In the case of Re Price, ex p Tinning (1931) 26 Tas. LR 158, CJ Nicholls at 160 said,
“The words “charge” and “lien” are often interchangeable. The quality of each... is that, so far as is necessary, it appropriates or sets aside some particular property, real or personal, by making a deduction from the absolute ownership of it in favour of someone who is given by law, or by agreement, will or otherwise, the right to resort to the property to satisfy or discharge some obligation. They add to the right in personam a limited right in rem”.
A charge in equity is therefore a right of the creditor to be paid out of the property of whatever description that is charged as security for a debt that is owing to the creditor without claiming absolute title or possession of such property. Yet another statement of the same effect was made in London County and Westminister Bank v Tompkins [1918] 1 K.B. 515. At page 528 Banks, L. J. said,
... “Another class of security which includes “equitable charges” and equitable assignments, where there is appropriation of property for the discharge of a debt or engagement without giving the creditor either an absolute or special property in the subject of the security. The transaction does not pass either an absolute or special property to the creditor or any right of possession, but only a right of realization by judicial process in the case of non-payment of the debt.
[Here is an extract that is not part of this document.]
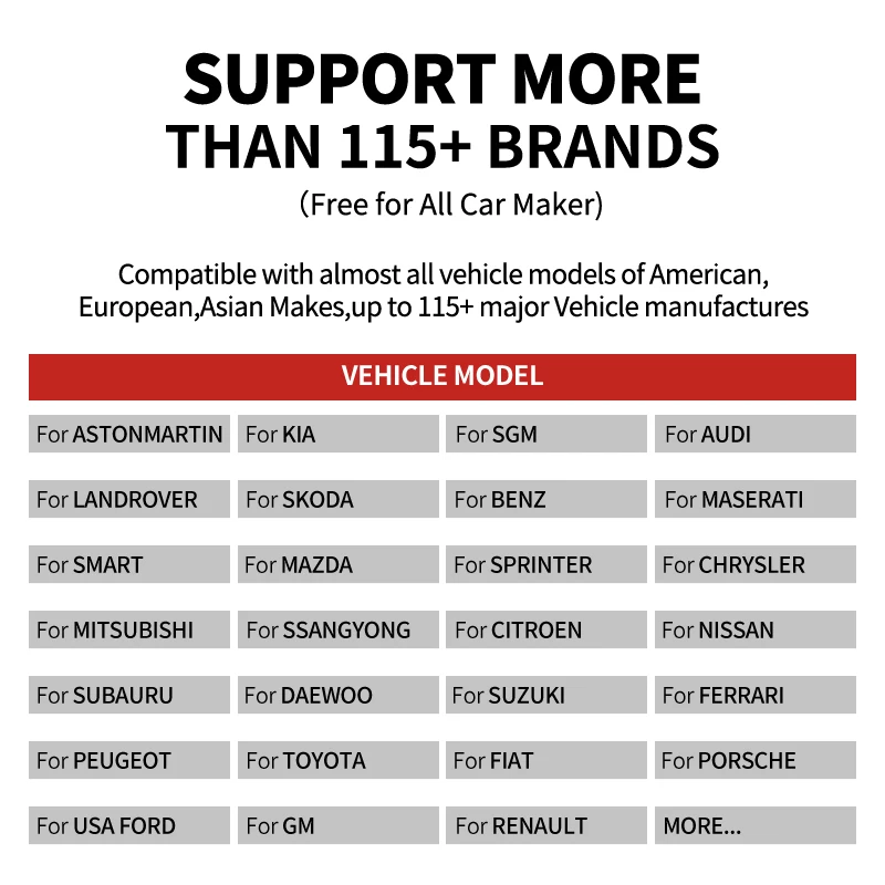 Support Cover Up to Over 115 Major Vehicle Manufacturers From America, Europe and Asia

And of this class “a charge” is where property is expressly or constructively made liable or specially appropriated to the discharge of a burden; no debt is implied, but a right of realization by judicial process is conferred“...
Applied in this case would mean the Government paying out of the Consolidated Fund the debts the Government owes to the Plaintiffs. In view of the fact that the Defendant did file his defence with the leave of the Court at the hearing unopposed by Mr. Sullivan, leave of the Court under Order 29, rule 14 of the High Court Rules is no longer necessary. I would instead apply Order 14 rule 1(a) of the High Court Rules. The affidavit filed by Mr. Marahare on 7th March 2002 has satisfied Order 14, 1(a) above of the High Court Rules. In this regard the affidavit filed by Mr. Deve on 22nd March 2002 discloses no defence that can be said to be a good defence. I therefore agree with the Motion filed by the Plaintiffs and grant it in the terms sought in that Motion. The Plaintiffs’ application is therefore granted.